I really don't know it that's the "wow" feature to be announced; if so, the tablet would be pretty cool. I'm certainly not the only one who has blue-skyed about this. I just know whatever the "it" is, it better be good at that price.

What's your guess? You have three days to fantasize about what's to come. Drop your comments here and follow me @sandybeach on Wednesday around 8 a.m. Hawaii time as I tweet about the announcement.

Back from Los Angeles

January 22nd, 2010 by sandee

We're wrapped up our stay in the city of stage lights and I'm breaking a tradition.

I don't usually write entries about food, only because other bloggers are much better at describing high-caloric desserts than I. But we spent one of our last dinners in California at King's Hawaiian Bakery & Restaurant in Torrance and it's worth veering away from tech for one moment to wax about this L.A. landmark.

King's a haven for anyone from Hawaii hankering for the ono, heart-clogging food that we know and love.
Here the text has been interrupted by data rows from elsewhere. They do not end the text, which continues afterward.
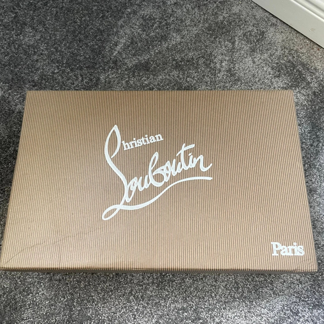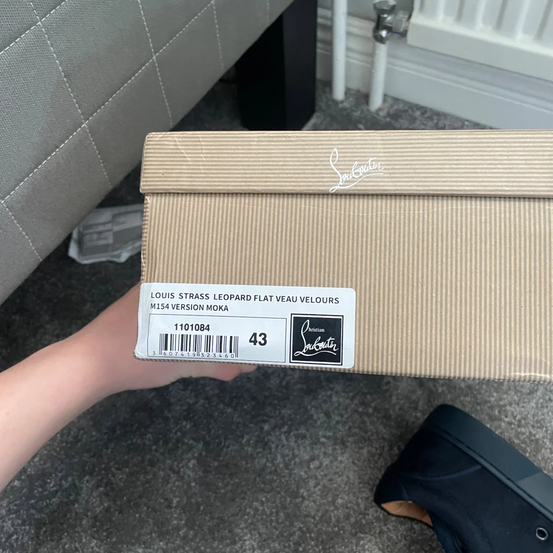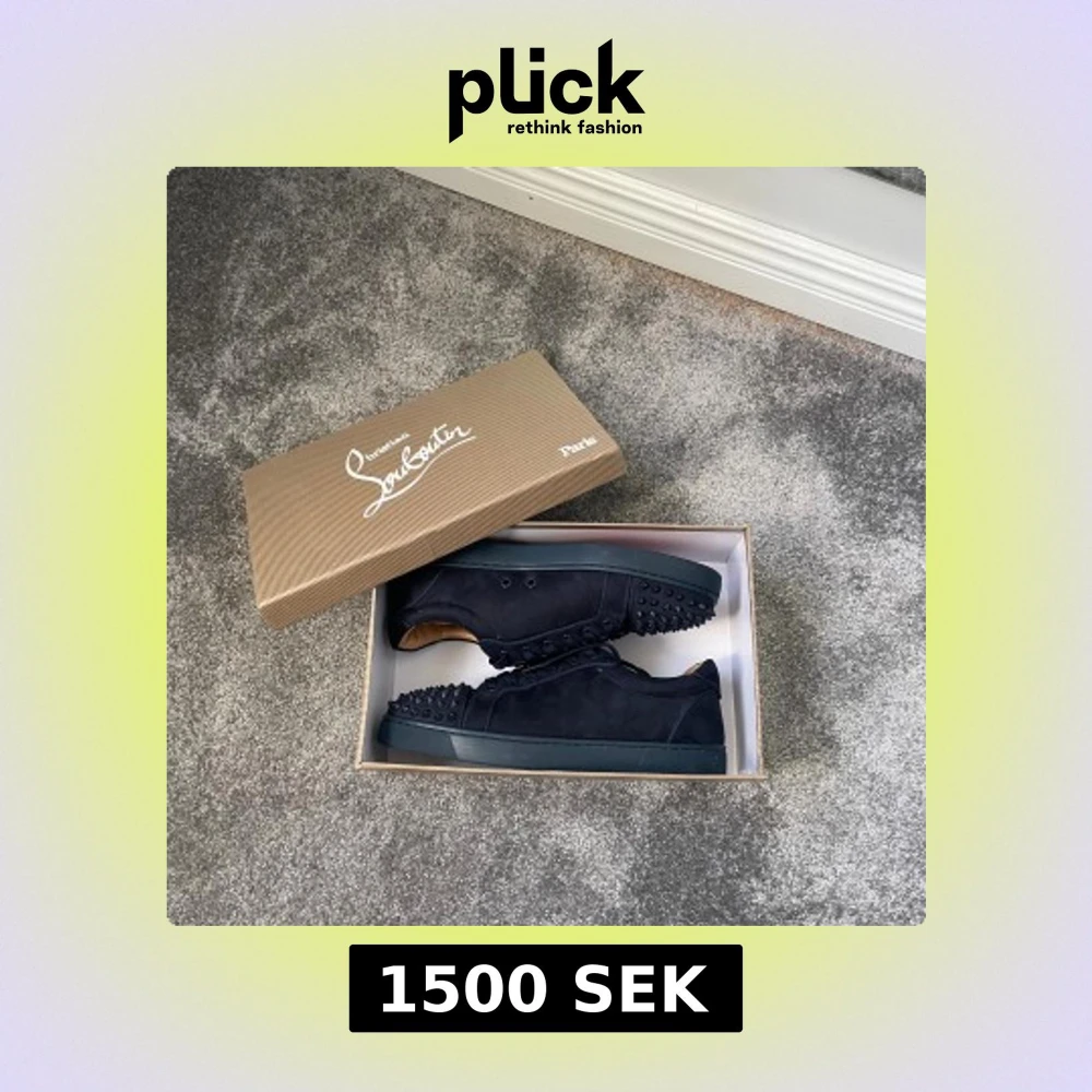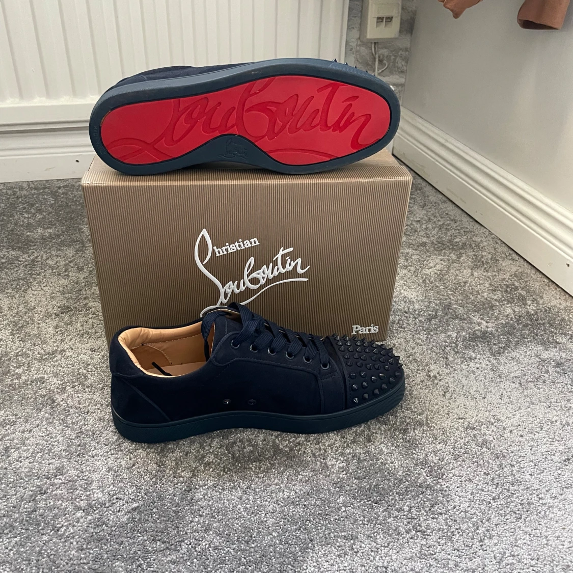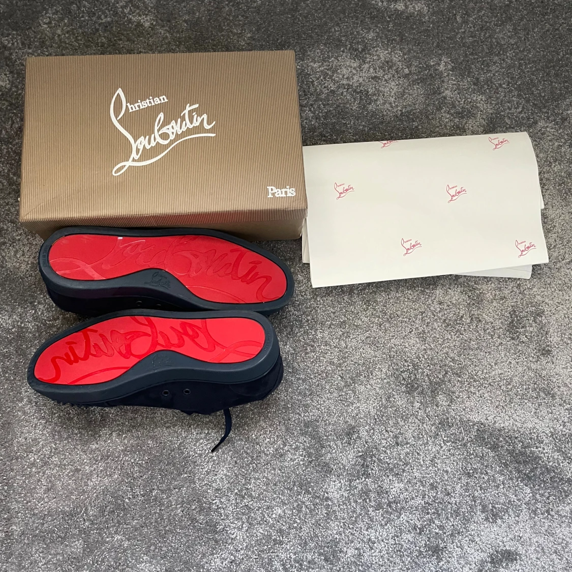 Säljer ett par mörkblå Christian Louboutin Louis Strass sneakers i mocka med coola nitar framtill och den ikoniska röda sulan. Skorna har snörning och en lyxig känsla med läderdetaljer på insidan. Perfekta för dig som vill sticka ut med exklusiv streetstyle.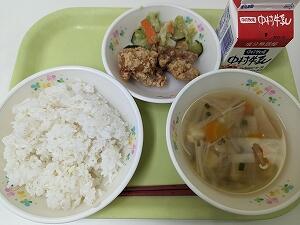 今日の給食は、麦ごはん、牛乳、とりのから揚げ、甘酢和え、五目豆腐汁でした。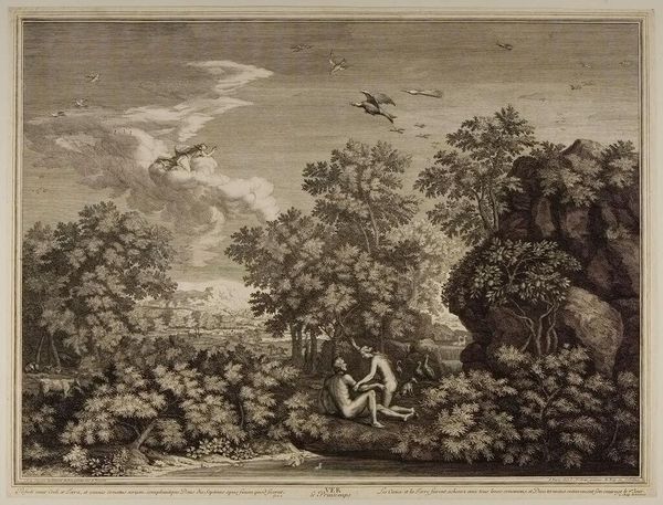 Curator: This is "Dido and Aeneas," figures engraved by Francesco Bartolozzi, housed here at the Harvard Art Museums. Editor: It feels like a stage set, a tempestuous scene frozen mid-performance. Curator: Indeed. Bartolozzi masterfully uses light and shadow, creating a binary opposition between the idyllic landscape and the dramatic embrace, evoking a sense of impending doom. The composition draws the eye to the couple, set against the backdrop of nature. Editor: There's an emotional rawness in the way their figures are rendered. The looming darkness definitely amplifies the tragic love story. I get a sense of longing mixed with desperation. Curator: Precisely. The engraving technique adds a layer of complexity. The contrast is stark, highlighting the preordained tragedy embedded in the narrative. Editor: It's funny, even knowing the story, seeing it framed this way, it stings anew. Curator: Well, there we have it. Editor: Quite.

There is a certain satisfaction downing chicken katsu smothered in sauce that nothing can quite match. King's — which moved its bake goods production plant to Torrance but remains nostalgic for Hawaii — serves up beef stew, oxtail soup, somen salad and more, charging L.A. prices that we dearly miss now that we're home.

It helped with the tip that they post Advertiser newspaper stories on a bulletin board for those who can't live without the best news source in the islands. I get paid to say stuff like that.

After dinner, we took a drive through a nearby neighborhood that for several blocks decorates with eye-popping holiday lights and displays. Residents with an entrepreneurial bent sell hot chocolate and warm popcorn to the hordes that descend on their streets. This community is rather like Hawaii Kai on Honolulu Marathon Day. The traffic through their streets is so thick, they are prisoners in their homes for the season. Most seem to accept this fate and others are clear holdouts with darkened homes and not a porch light turned on.

If you are in Torrance during the holidays, take a ride to Sleepy Hollow Lane and enjoy the madness.

Cars and pedestrians stream by a Balloon Santa holiday display, one of dozens put up at homes in this Torrance neighborhood.

Cars and pedestrians stream by a Balloon Santa holiday display, one of dozens put up at homes in this Torrance neighborhood.